Camera and Mic Arduino Experiment With TTGO T-Camera Plus and ESP32-Cam With INMP441, Featuring ESP Face Detection

3137 Views, 2 Favorites, 0 Comments

Camera and Mic Arduino Experiment With TTGO T-Camera Plus and ESP32-Cam With INMP441, Featuring ESP Face Detection

In this post, I am going to describe an experiment combining the use of a camera and a mic, with TTGO T-Camera Plus as well as ESP32-CAM board with INMP441 attached.

In TTGO T-Camera Plus case, I managed to make it to stream both pictures and sound simultaneously; however, picture streaming is limited to a very low frame rate.

In ESP32-CAM case, too bad that I failed to make it to stream both pictures and sound simultaneously with reasonable results. Nevertheless, it can switch between the two -- an optional button can be attached for activating the mic like a walkie-talkie.

This experiment is heavily based on two of my previous experiments -- ESP32-CAM Experiment -- Capture and Stream Pictures to Mobile Phone and ESP32 Mic Testing With INMP441 and DumbDisplay. Moreover, for more fun of it, the experiment also makes use of ESP's support for face detection (no external libraries are needed; no DL model; just the ESP standard libraries).

The targeted boards of the experiment are

AI-Thinker ESP32-CAM; INMP411 mic attachment is optional
LilyGo T-Camera Plus
LilyGo T-SimCam
LilyGo T-Camera (V1.7), even though it doesn't have a mic

I guess other boards, like ESP-Eye can very likely be coded as a target as well; however, I didn't have a chance to play with them.

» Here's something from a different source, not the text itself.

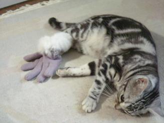 猫は遊び好きということで、うちのルチルさんもよくおもちゃで遊んでいます。特にお気に入りなのがねずみのおもちゃ。釣竿みたいな棒と糸の先に、ネズミの人形がくっついているというものなのですが、この人形がウサギの毛皮でできていたりして、なかなか本格的なものです。天然毛なので、猫の狩猟本能が刺激されるとかなんとか。しかしルチルさんの場合、この狩猟本能が刺激されすぎてしまっているのか。人が見ていないと、口のなかにネズミを突っ込んでくっちゃくっちゃ。気づいて急いでおもちゃをとりあげると、ルチルさんの口の中から、よだれでべちょべちょになったネズミさんが……。本来このおもちゃ、人が棒の部分を持ってねこじゃらしよろしくゆらして遊ばせるものなのですが、ルチルさんはどうして賢いようで、おもちゃの隠し場所を探し当ててはくちゃくちゃ勝手に口に入れてしまいます。もう少し、うまい隠し場所を探そうと思う今日この頃です。

It is apparent that different targets will have different capabilities. Moreover, according to my experimentation, they may require different settings (e.g. sound sample rate) as well to achieve reasonable results.

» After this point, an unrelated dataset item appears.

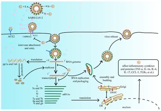 In addition, virtual screening showed that GL had the best affinity towards key proteases of SARS-CoV-2, which played a pivotal role in mediating viral replication and transcription [31,39]. It had been reported that GL and GA potentially inhibited SARS-CoV-2 infection, while revealing that the target of GL was the nsp7 protein, and GA binds to the spike protein of SARS-CoV-2 [40]. There are various reports on the antiviral mechanism of GL and its derivatives, but most studies focus on ACE2. Murch pointed out that GL and its metabolites directly inhibited of expression of TMPRSS2, which is related to virus entry, then reduced the expression of ACE2 [18].

Like the two previous experiments I mentioned, this experiment will also use DumbDisplay for the UI, as well as the picture / sound streaming player -- UI is driven by the ESP32 board; stream data are acquired by ES32 with the attached camera and mic.

Originally, I planned to make use of ESP's deep-sleep feature; however, I am unable to build the sketch if ESP's deep-sleep functions are linked. Nevertheless, as long as you keep the ESP board powered up, you can connect to it with DumbDisplay app anytime as desired.

The UI

As shown in the screen captures of the DumbDisplay UI for this experiment, around the area where the stream pictures will be drawn are several options that you can adjust

You can turn ON/OFF the "FLASH"
You can turn ON/OFF "FACE" detection
You can turn ON/OFF "MIC"
On the right top is a charting area, which is supposed to plot the look of the sound wave.
You can use the slider below the chart area to adjust the software-based sound volume amplification factor.
You can switch between the different camera picture sizes with the "SIZE" button -- "QVGA", "VGA", "SVGA"
You can switch between the different software-based "frame rate" throttling with the "RATE" button -- "---" (none), "1", "2", "4", "8"

ESP32-CAM Connection

According to the post ESP32-CAM Pinout Reference:

The VCC pin normally outputs 3.3V from the onboard voltage regulator. It can, however, be configured to output 5V by using the Zero-ohm link near the VCC pin.

Hence

connect ESP32-CAM VCC to VDD of INMP441
connect ESP32-CAM GND to GND and L/R of INMP441 (connecting L/R to GND means using a single I2S for capturing mono sound)
connect ESP32-CAM GPIO12 to WS of INMP441
connect ESP32-CAM GPIO13 to SD of INMP441
connect ESP32-CAM GPIO14 to SCK of INMP441

To power the ESP32-CAM board up

connect ESP32 CAM 5V (input) to VCC of a 5V power source (like via a breadboard)
connect ESP32 CAM GND to the GND of the 5V power source

As for the optional button

connect ESP32-CAM GND to one leg of the button
connect ESP32-CAM GPIO15 to the other leg of the button

For the steps of uploading sketch to the AI-Thinker ESP32-CAM board, you may want to refer to my previous YouTube video ESP32-CAM Experiment -- Capture and Stream Pictures to Mobile Phone

The Sketch

You can download the sketch here🔗

As mentioned previously, this experiment is heavily based on two of my previous experiments -- ESP32-CAM Experiment -- Capture and Stream Pictures to Mobile Phone and ESP32 Mic Testing With INMP441 and DumbDisplay. Hence, the coding cores should already be described in those references and will not be repeated here. Nevertheless, there are specific areas I think should worth mentioning.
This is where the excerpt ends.